# Aim of the task
The answer must be the full listing, word for word, with no pictures in it.

# Data for this exercise
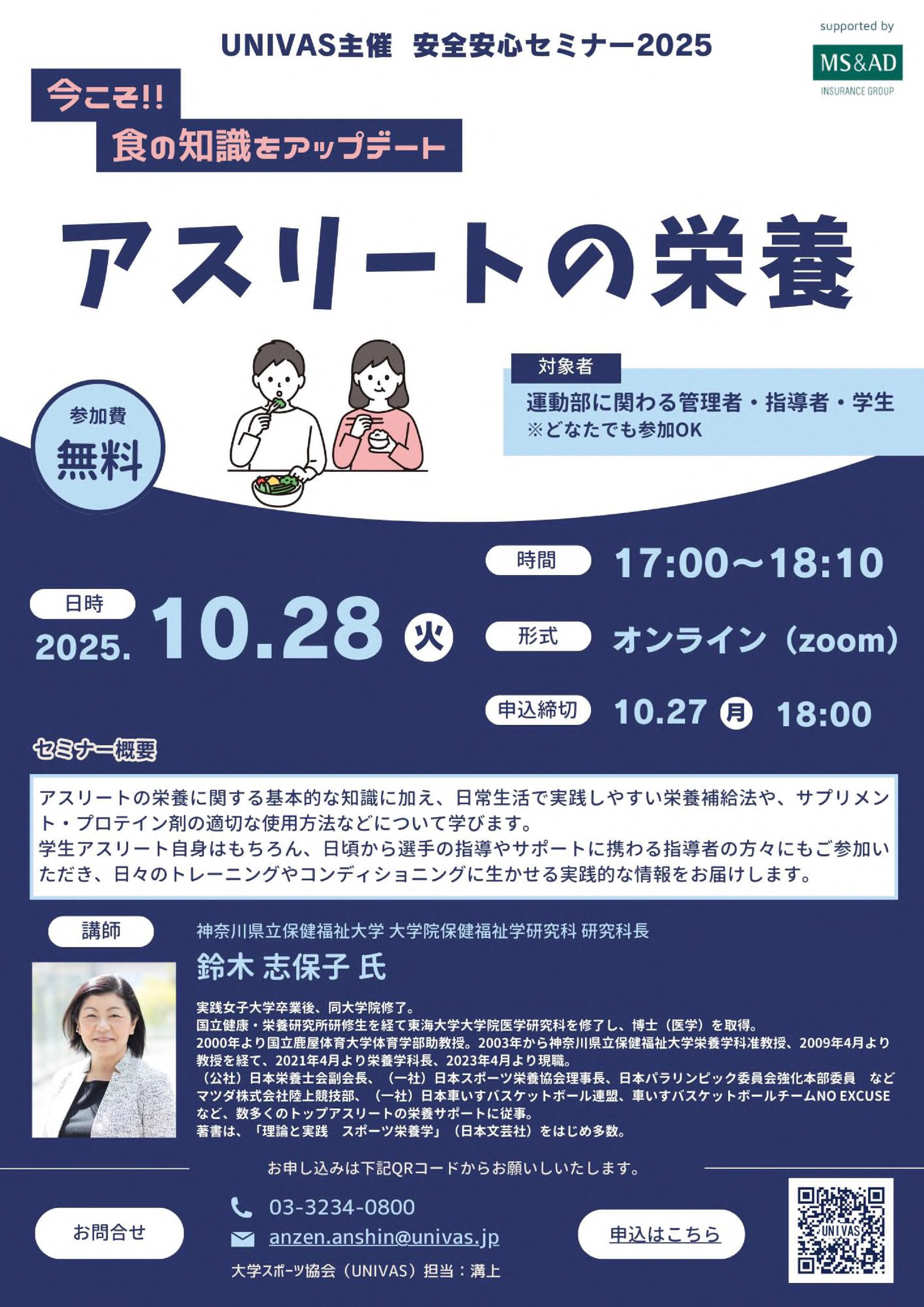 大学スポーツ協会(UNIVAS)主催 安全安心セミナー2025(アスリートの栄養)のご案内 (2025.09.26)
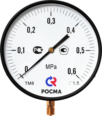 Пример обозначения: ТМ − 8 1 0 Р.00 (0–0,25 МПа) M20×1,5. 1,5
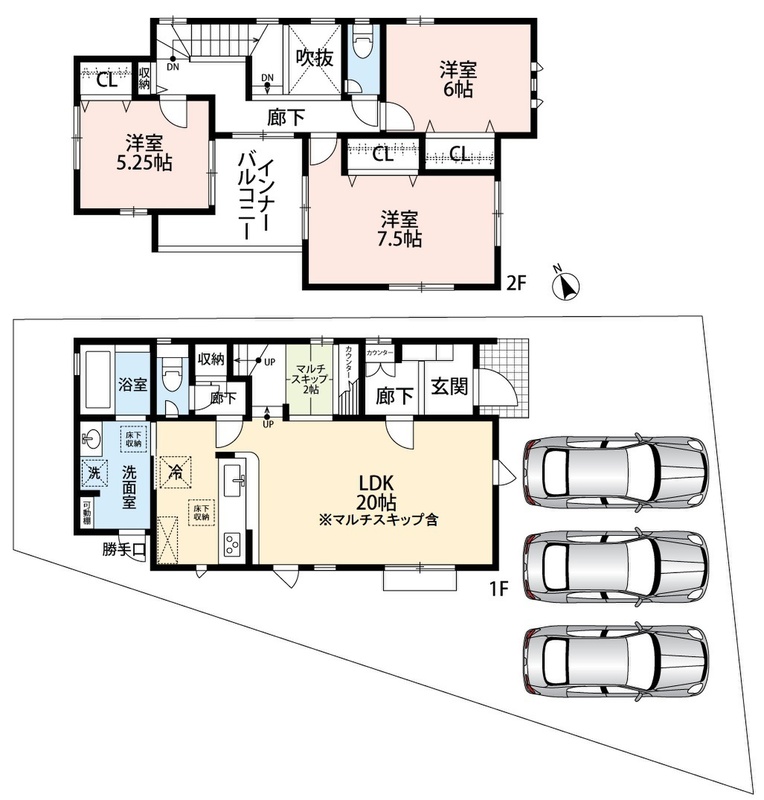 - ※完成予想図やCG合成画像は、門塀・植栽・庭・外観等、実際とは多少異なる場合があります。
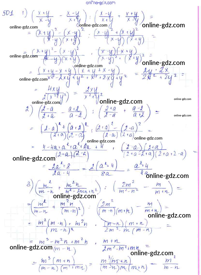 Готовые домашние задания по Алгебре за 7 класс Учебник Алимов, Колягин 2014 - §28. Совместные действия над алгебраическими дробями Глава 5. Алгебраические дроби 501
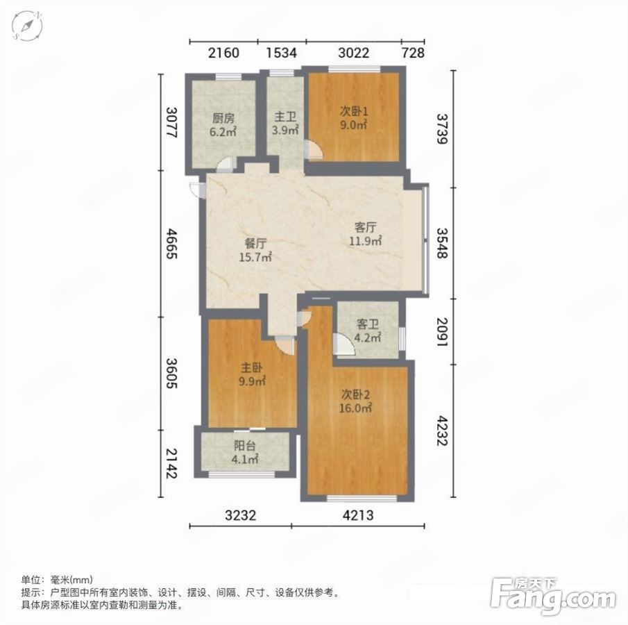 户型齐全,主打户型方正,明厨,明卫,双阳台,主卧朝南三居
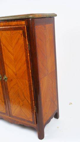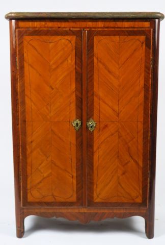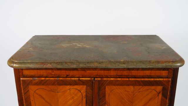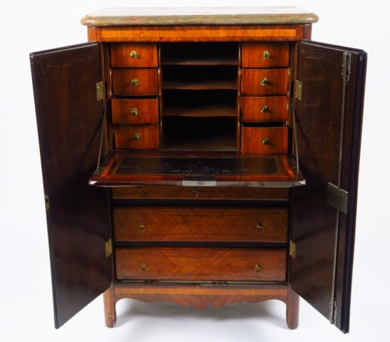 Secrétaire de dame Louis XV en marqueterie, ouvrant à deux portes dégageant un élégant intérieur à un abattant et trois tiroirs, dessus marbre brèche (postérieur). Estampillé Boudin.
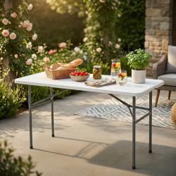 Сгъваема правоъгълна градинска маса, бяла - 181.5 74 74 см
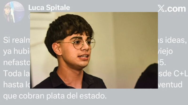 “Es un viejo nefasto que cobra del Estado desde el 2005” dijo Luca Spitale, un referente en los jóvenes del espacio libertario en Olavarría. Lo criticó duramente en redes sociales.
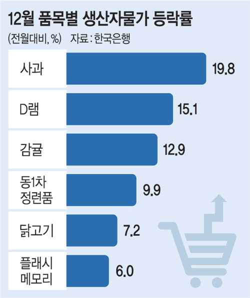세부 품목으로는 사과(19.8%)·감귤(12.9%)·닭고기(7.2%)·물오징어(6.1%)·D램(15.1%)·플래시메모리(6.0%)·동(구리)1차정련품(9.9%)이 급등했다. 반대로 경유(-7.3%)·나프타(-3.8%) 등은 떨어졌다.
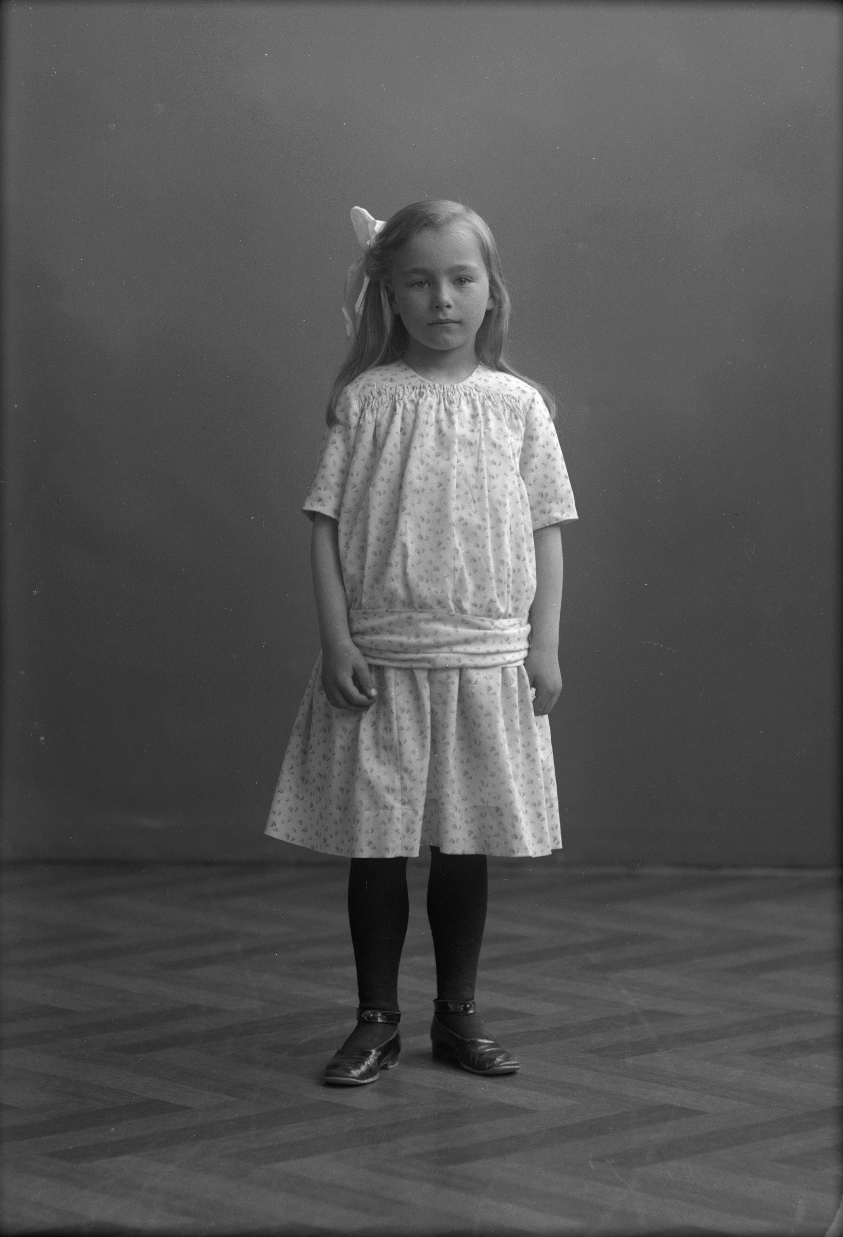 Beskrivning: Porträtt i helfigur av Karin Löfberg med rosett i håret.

# Answer section
 大学スポーツ協会(UNIVAS)主催 安全安心セミナー2025(アスリートの栄養)のご案内 (2025.09.26)
 Пример обозначения: ТМ − 8 1 0 Р.00 (0–0,25 МПа) M20×1,5. 1,5
 - ※完成予想図やCG合成画像は、門塀・植栽・庭・外観等、実際とは多少異なる場合があります。
 Готовые домашние задания по Алгебре за 7 класс Учебник Алимов, Колягин 2014 - §28. Совместные действия над алгебраическими дробями Глава 5. Алгебраические дроби 501
 户型齐全,主打户型方正,明厨,明卫,双阳台,主卧朝南三居
 Secrétaire de dame Louis XV en marqueterie, ouvrant à deux portes dégageant un élégant intérieur à un abattant et trois tiroirs, dessus marbre brèche (postérieur). Estampillé Boudin.
 Сгъваема правоъгълна градинска маса, бяла - 181.5 74 74 см
 “Es un viejo nefasto que cobra del Estado desde el 2005” dijo Luca Spitale, un referente en los jóvenes del espacio libertario en Olavarría. Lo criticó duramente en redes sociales.
세부 품목으로는 사과(19.8%)·감귤(12.9%)·닭고기(7.2%)·물오징어(6.1%)·D램(15.1%)·플래시메모리(6.0%)·동(구리)1차정련품(9.9%)이 급등했다. 반대로 경유(-7.3%)·나프타(-3.8%) 등은 떨어졌다.
 Beskrivning: Porträtt i helfigur av Karin Löfberg med rosett i håret.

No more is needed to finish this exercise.